Timyra schoenota

Scientific classification
- Domain: Eukaryota
- Kingdom: Animalia
- Phylum: Arthropoda
- Class: Insecta
- Order: Lepidoptera
- Family: Lecithoceridae
- Genus: Timyra
- Species: T. schoenota
- Binomial name: Timyra schoenota Meyrick, 1908

= Timyra schoenota =

- Authority: Meyrick, 1908

Species of moth

Timyra schoenota is a moth in the family Lecithoceridae. It was described by Edward Meyrick in 1908. It is found in southern India.

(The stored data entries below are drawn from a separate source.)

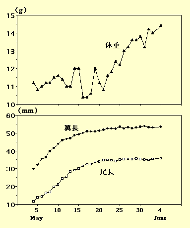 今日のスズメのスンちゃんの午後6時時点での計測値は、体重14.4g、翼長53.7mm、尾長36.0mm。昨日はついに測定できなかった。スンちゃんが館にやってきて1ヶ月を過ぎました。今日で、測定値を毎日公開するのはやめにしたいと思います。何かあればまた報告します。最後にスンちゃんの測定値の変化のグラフを載せておきます。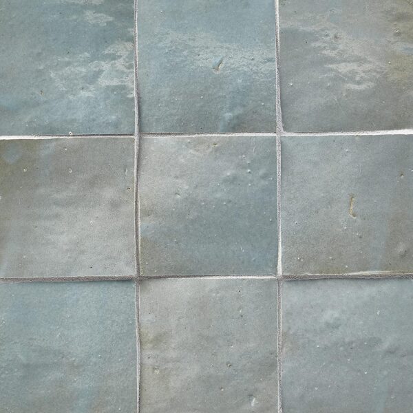 I pictured the soft aqua wall tile (which I’m officially obsessed with) looking equally good as a kitchen backslash or tiled shower surround. Once installed, this tile has an earthy irregularity with a beautiful glossy gleam. It echos the subtle texture of the floor tile, but in a glossier, more colorful finish. I think these two tiles work really effortlessly together.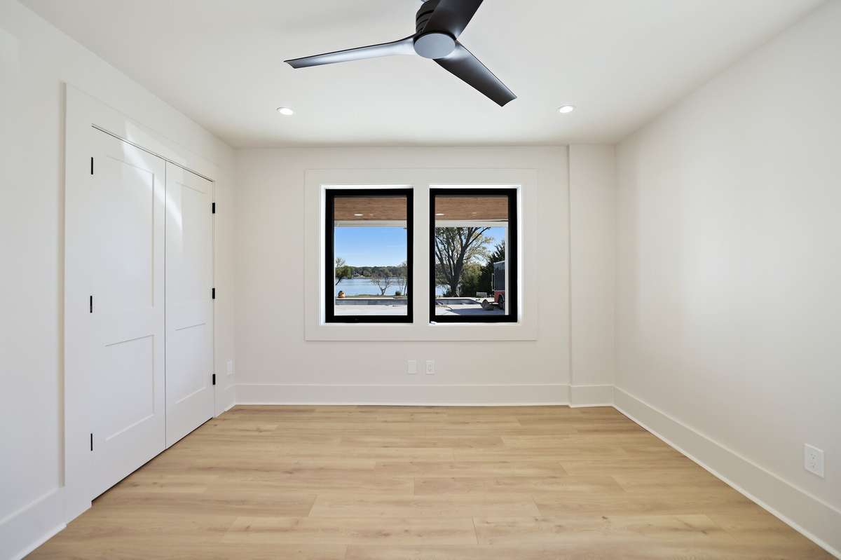 Both primary suites include spa- inspired bathrooms, walk- in closets, and private balconies overlooking the water. The walkout basement offers a full kitchenette, wet bar, gas fireplace, and seamless access to the in- ground pool that overlooks the lake—perfect for entertaining or relaxing with guests.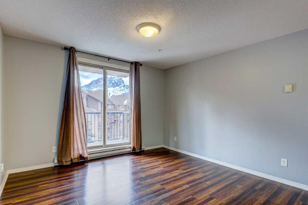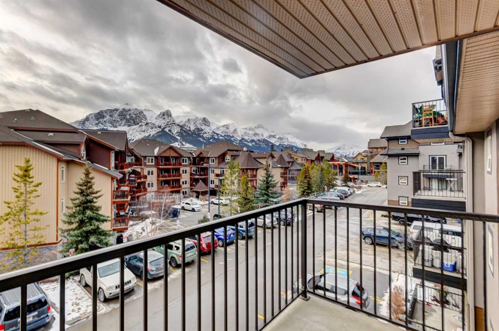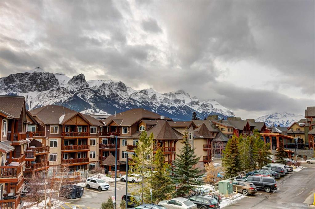 Bright, freshly painted, and move-in ready! This 2 bed / 2 bath Fairholme Village condo is a true gem and a rare opportunity. It’s ideal as a first home, upsizer home, or perfect for a weekend getaway to Canmore. The smart, open-concept layout makes everyday living or entertaining easy, while the sunny south-facing balcony delivers incredible mountain views, including the Three Sisters. Both bedrooms enjoy natural light and more mountain views, plus a private 4 piece ensuite and walk in closet just off the primary bedroom. As well as a 3 piece bathroom just off the foyer. Laundry is located on the same floor as the unit, just down the hallway. This fantastic condo is well-positioned in the complex, and only minutes to downtown, the Shops of Canmore, shopping, services, restaurants, amenities, public transit, and many scenic multi-use trails. One indoor secured storage locker, indoor secured bike storage, an outdoor parking stall, fitness room, and meeting room, round out the whole package. Vacant and ready for quick possession. Your best Rocky Mountain lifestyle starts here!

The wingspan is 24–27 mm. The forewings are ochreous orange in males and pale ochreous yellowish streaked with orange in females. There is a costal streak from the base to three-fifths and a series of well-marked interneural streaks, not reaching the costa posteriorly or the termen, blackish or dark fuscous, interrupted by a somewhat curved oblique double median fascia, of which the first half is ochreous yellow, paler in females, and the second deep ochreous orange suffusedly edged with dark fuscous. There is a blackish line along the posterior part of the costa and termen. The hindwings are dark fuscous, in males with an ochreous-yellow streak from the base along a subdorsal groove enclosing a pencil of long ochreous-whitish hairs, posteriorly dilated into a broad patch extending all along the termen but not quite reaching it, in which is a curved line of appressed hairs.